Antipsychotics only treat symptoms believed to be related to a hyperdopaminergic state (“dopamine storm”) in mesolimbic brain areas: positive symptoms (disorganization, delusions, and hallucinations) and agitation [4]. Since dopamine release is part of the biological mechanism behind tagging events as personally important for us, antipsychotics may be particularly effective for those symptoms where unconstrained dopamine release creates a state of aberrant salience: where everything becomes meaningful and connected to us – a state of self-referential thinking which is the core of paranoia [5]. On the other hand, symptoms of schizophrenia associated with other brain networks may be adversely affected by dopamine blockade (e.g., motivational systems and cognition). In addition to their acute efficacy for positive symptoms, antipsychotics can prevent psychotic relapse [6]. Just as antipsychotics are not a treatment for all aspects of the syndrome of schizophrenia, antipsychotics are not a treatment specific for schizophrenia: they are also effective for delirium, for mania, for depression, for anxiety, or for insomnia. In that sense, antipsychotics are broad-spectrum psychotropics (like broad-spectrum antipsychotics).

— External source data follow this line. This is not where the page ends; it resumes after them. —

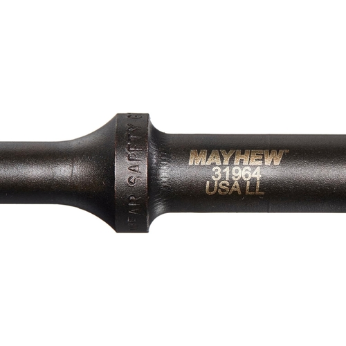 Mayhew manufactures professional air hammer bits for automotive and industrial use; the 31964 concave hammer bit combines a hardened S-2 steel body and rust-resistant black oxide finish with a precise 1 inch concave tip for controlled, high-impact operations.
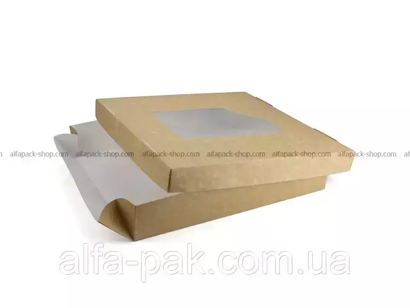 Коробка квадратная с окном крафт-белая - удобная и практичная тара, изготовленная из не токсичных материалов. Изготовлена из плотного мелованного картона, основа которого натуральный материал - целлюлоза. Безопасна при контакте с едой, не выделяет никаких вредных веществ. Зачастую используется для сетов из роллов, суши, но может служить упаковкой для различных десертов, печенья, зефира, натуральной пастилы. Актуальна для кафе и ресторанов, доставки еды. Коробка квадратная с окном крафт-белая защищает содержимое, благодаря жиростойкой ламинации. При желании вы можете заказать нанесение печати вашего логотипа и любого другого изображения. Коробка квадратная с окном крафт-белая может быть укомплектована крышкой.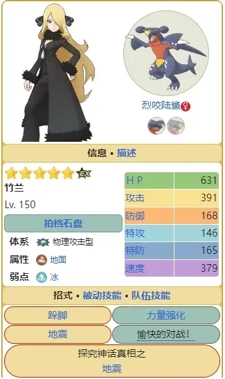竹兰&烈咬陆鲨作为老牌地面系拍组,在我看来实力比较拉胯,基本派不上用场。首先,它的拍招因为存在mega效应,实际效果约等于废掉;其次,它对沙暴天气的依赖度极高,没有沙暴时强度直线下降,就算有沙暴辅助,表现也很普通——技能动画的时长加上沙暴本身造成的刮伤效果,会导致沙暴状态很快就结束。只有抽到五宝后,地龙才能在拍击后自己开启沙暴来延长天气持续时间,这时候才算勉强能用。如果要开沙暴体系的话,辅助型的海兔兽会是个选择,有一定作用,但同样不推荐在这里通过自选来开沙暴体系,毕竟这样做并不能让队伍的整体强度得到有效提升。综合来看,这个拍组的推荐指数只有一颗星。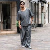 やや広めのネックラインやサイドスリットを取り入れたデザインが、抜け感のあるスタイリングを演出します。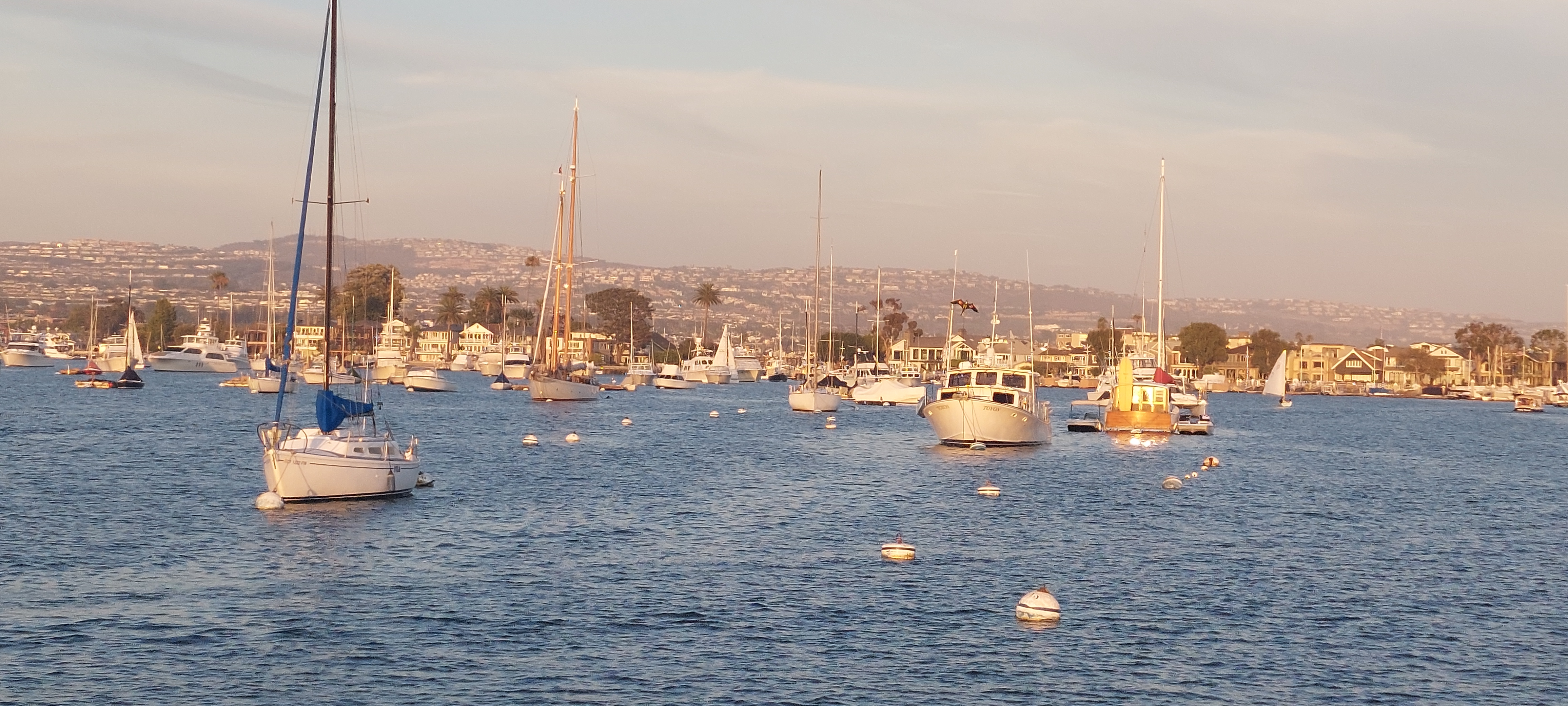 The water in Newport Harbor is not nearly as clear as we had in both anchorages at Catalina Island. Might be skipping the swim in the marina this time. Oh but there is a beach just about 400 yards west, so yep, we’ll be getting sand between our toes on our way into the surf.

Clozapine, iloperidone, and quetiapine are the antipsychotics with the least “tightness” of binding to D2 (i.e., fastest dissociation from the receptor, with easy displacement by endogenous dopamine) and hence are the least likely to cause EPS, even at high doses [8]. All antipsychotics are full D2 antagonists with the exception of the more recent aripiprazole, brexpiprazole, and cariprazine which are partial agonists at D2 (i.e., function as an antagonist in the presence of dopamine).

One word on nomenclature: first-generation (or conventional) antipsychotics (FGAs) are old medications that were approved in the 1950s and 1960s. All are effective, and all cause EPS. FGAs are also referred to as “typical” antipsychotics to differentiate them from the “atypical” antipsychotic clozapine, which was the first antipsychotic that did not cause EPS, hence “atypical.” Up until clozapine, the efficacy of antipsychotics was believed to be tied to their propensity to cause EPS. With clozapine, efficacy and EPS became dissociated. Its value was proven in a seminal trial in 1988 when John Kane showed superior efficacy in treatment-refractory patients over typical antipsychotics [9]. Since then, many other atypical or second- and third-generation antipsychotics have been marketed, beginning with risperidone in 1993. Antipsychotic is the term preferred over neuroleptic. This current nomenclature based on “generations” is unsatisfactory and more a reflection on history and attempts to market antipsychotics (“new” implying better) [10]. Importantly, all antipsychotics are about equally effective for non-refractory patients with schizophrenia, at least at the group level. It is also misleading to assume that only first-generation antipsychotics induced EPS, while second-generation are mostly free of EPS [11]. Antipsychotics, particularly those lumped together in the bin of second-generation antipsychotics, have very little in common: they are widely different drugs with regard to side effect profiles and tolerability. Moreover, antipsychotics despite their name have a much broader range of applicability, beyond their core efficacy for positive symptoms and aggression, as noted above. A science-based nomenclature for antipsychotics based on the mechanism of action has been proposed but has not found its way into the clinic yet [12]. It is only for pedagogical purposes that I continue to use the terms first-, second, and third-generation antipsychotics.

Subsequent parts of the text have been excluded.